• DATA:

* * * * * * *

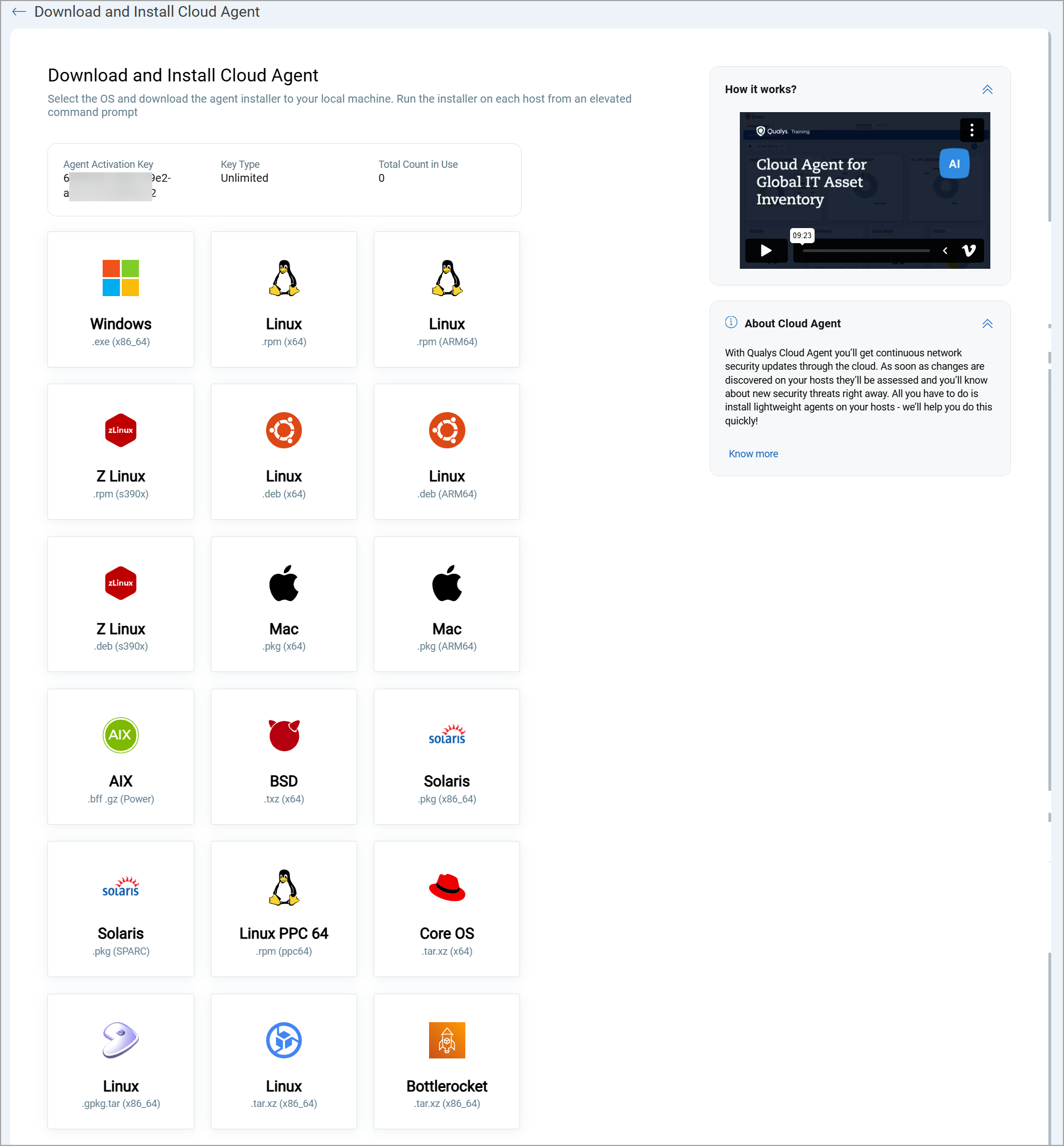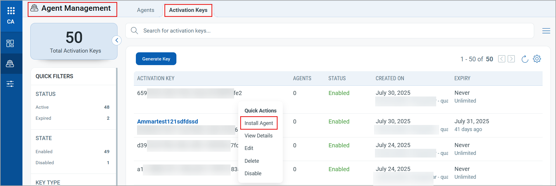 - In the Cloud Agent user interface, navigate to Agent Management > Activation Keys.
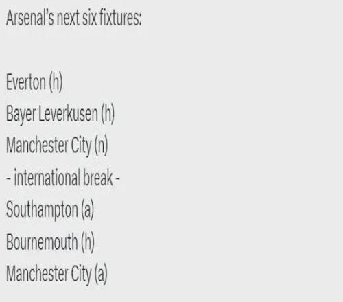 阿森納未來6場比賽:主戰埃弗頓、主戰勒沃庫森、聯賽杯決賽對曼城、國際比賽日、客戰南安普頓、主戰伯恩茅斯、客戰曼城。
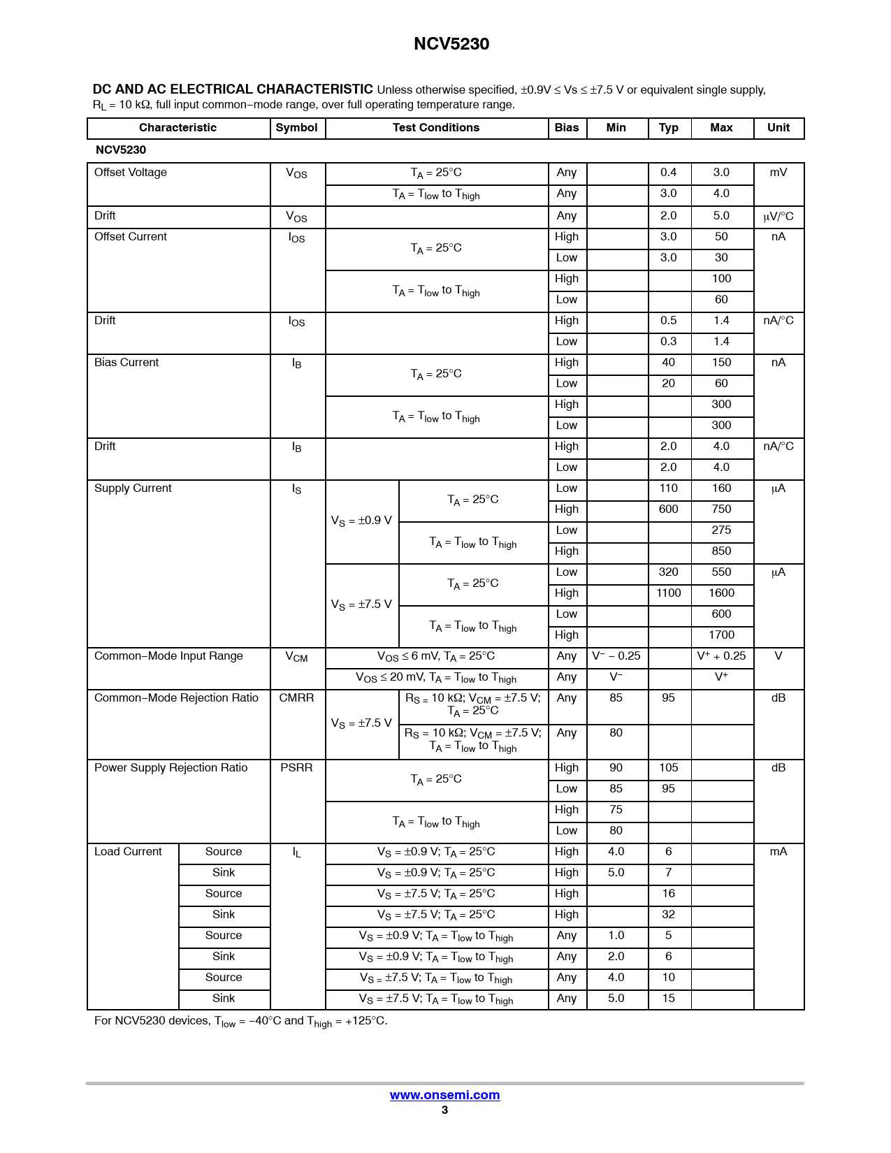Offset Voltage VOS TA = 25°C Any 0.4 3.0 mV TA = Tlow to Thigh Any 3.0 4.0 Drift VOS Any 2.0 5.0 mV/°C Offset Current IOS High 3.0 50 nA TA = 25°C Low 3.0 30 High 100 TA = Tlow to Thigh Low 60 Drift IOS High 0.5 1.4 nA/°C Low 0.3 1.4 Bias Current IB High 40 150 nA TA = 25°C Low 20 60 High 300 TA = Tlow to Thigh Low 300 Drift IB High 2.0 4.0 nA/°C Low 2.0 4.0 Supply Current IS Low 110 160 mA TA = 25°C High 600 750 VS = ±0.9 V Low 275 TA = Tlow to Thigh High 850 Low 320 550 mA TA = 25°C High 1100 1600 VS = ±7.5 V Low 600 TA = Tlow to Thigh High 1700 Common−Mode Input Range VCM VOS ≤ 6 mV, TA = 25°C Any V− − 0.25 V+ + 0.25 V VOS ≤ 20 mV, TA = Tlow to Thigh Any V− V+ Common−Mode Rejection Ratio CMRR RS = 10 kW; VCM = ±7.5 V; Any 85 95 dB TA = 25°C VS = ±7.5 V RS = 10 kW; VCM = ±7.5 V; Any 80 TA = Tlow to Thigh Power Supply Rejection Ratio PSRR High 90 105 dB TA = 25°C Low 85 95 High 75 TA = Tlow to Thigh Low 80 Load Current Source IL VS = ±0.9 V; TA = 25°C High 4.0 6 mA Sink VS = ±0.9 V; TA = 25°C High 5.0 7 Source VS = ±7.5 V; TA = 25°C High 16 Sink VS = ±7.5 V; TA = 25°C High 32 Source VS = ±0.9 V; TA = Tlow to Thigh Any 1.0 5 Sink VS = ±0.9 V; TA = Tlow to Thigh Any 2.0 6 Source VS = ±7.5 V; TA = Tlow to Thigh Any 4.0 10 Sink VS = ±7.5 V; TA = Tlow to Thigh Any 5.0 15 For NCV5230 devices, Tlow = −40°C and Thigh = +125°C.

* * * * * * *

• EXERCISE PROMPT: The expected output is the full material above, unaltered, with pictures removed.

• OUTPUT:
 - In the Cloud Agent user interface, navigate to Agent Management > Activation Keys.
 阿森納未來6場比賽:主戰埃弗頓、主戰勒沃庫森、聯賽杯決賽對曼城、國際比賽日、客戰南安普頓、主戰伯恩茅斯、客戰曼城。
Offset Voltage VOS TA = 25°C Any 0.4 3.0 mV TA = Tlow to Thigh Any 3.0 4.0 Drift VOS Any 2.0 5.0 mV/°C Offset Current IOS High 3.0 50 nA TA = 25°C Low 3.0 30 High 100 TA = Tlow to Thigh Low 60 Drift IOS High 0.5 1.4 nA/°C Low 0.3 1.4 Bias Current IB High 40 150 nA TA = 25°C Low 20 60 High 300 TA = Tlow to Thigh Low 300 Drift IB High 2.0 4.0 nA/°C Low 2.0 4.0 Supply Current IS Low 110 160 mA TA = 25°C High 600 750 VS = ±0.9 V Low 275 TA = Tlow to Thigh High 850 Low 320 550 mA TA = 25°C High 1100 1600 VS = ±7.5 V Low 600 TA = Tlow to Thigh High 1700 Common−Mode Input Range VCM VOS ≤ 6 mV, TA = 25°C Any V− − 0.25 V+ + 0.25 V VOS ≤ 20 mV, TA = Tlow to Thigh Any V− V+ Common−Mode Rejection Ratio CMRR RS = 10 kW; VCM = ±7.5 V; Any 85 95 dB TA = 25°C VS = ±7.5 V RS = 10 kW; VCM = ±7.5 V; Any 80 TA = Tlow to Thigh Power Supply Rejection Ratio PSRR High 90 105 dB TA = 25°C Low 85 95 High 75 TA = Tlow to Thigh Low 80 Load Current Source IL VS = ±0.9 V; TA = 25°C High 4.0 6 mA Sink VS = ±0.9 V; TA = 25°C High 5.0 7 Source VS = ±7.5 V; TA = 25°C High 16 Sink VS = ±7.5 V; TA = 25°C High 32 Source VS = ±0.9 V; TA = Tlow to Thigh Any 1.0 5 Sink VS = ±0.9 V; TA = Tlow to Thigh Any 2.0 6 Source VS = ±7.5 V; TA = Tlow to Thigh Any 4.0 10 Sink VS = ±7.5 V; TA = Tlow to Thigh Any 5.0 15 For NCV5230 devices, Tlow = −40°C and Thigh = +125°C.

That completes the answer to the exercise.